Apparently no, it’s from the Infamous devs.
Japanese game devs would NEVER. Because their bosses literally chain them to the desk until their code built from scratch works flawlessly.
(This belief may be out of date)
I’ve written code that has generated logs like that. In my case, I had all of my 12 threads writing to a logger, and over the course of 2 hours it got to about 250gb, which was the remainder space on my drive
I had this problem with my old phone…a One Plus 9. One Plus used to be so good now it’s full of bloatware and bugs. Their suggested fix was factory resetting the phone to factory due to them limiting what files could be checked.
Yeah, my OP9 was my third OnePlus phone and my last one.
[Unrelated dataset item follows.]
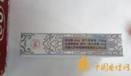 煙盒的左側(cè)是理化指標(biāo),寫(xiě)在一種銀色的花紋勾勒的邊框內(nèi),焦油量:6mg,煙氣煙堿量:0.6mg,煙氣一氧化碳量:8mg和內(nèi)蒙古昆明出品等字樣。
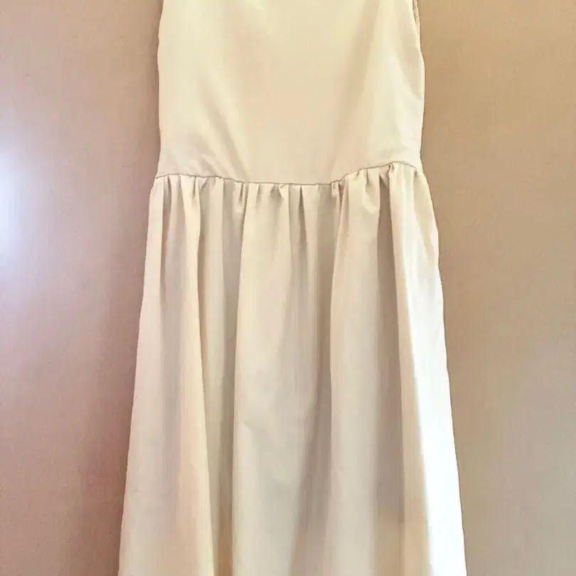 롱 원피스 아이보리 무지 면 울 슬리브리스 루즈핏 플레어

I installed a security update that made the cell radio completely non-functional and had to factory reset it. I use my phone for 2FA to get into my work computer, so this was simply unacceptable.
I realized I wasn’t doing enough with my phone to warrant flagship prices and ended up switching to a Pixel 6a I got on the cheap. Other than having to add wireless charging with an accessory, I haven’t looked back.
I switched to the Pixel 8. It’s okay, good camera but a little buggy. Last phone I REALLY liked was the LG G5 that had a slide-out battery. I think it was t-mobile(?) had a bonus where they gave you a free extra battery and charger for that battery. I could go for a couple days at it’s peak without a charger, just a battery swap
Opens with: Notepad
Does it, though?
Depends, how much RAM do you have?
I played this game start to finish on PC (A Frankenstein-esquire gaming rig)—never had this issue. I am guessing this is a made-up problem or just someone trying to run this game on a computer that is not capable of running it. a lot of people assume because they “have a pc” they can just run the latest and greatest game. Dude’s probably on his work issued thinclient trying to boot up a modern AAA game with basic-ass virtual resources and are like “huh?” when it doesnt work.
No crash log, under any circumstance, regardless of available resources, should reach 300GB. No useful information can be gathered and it probably meana the program was running an infinite loop.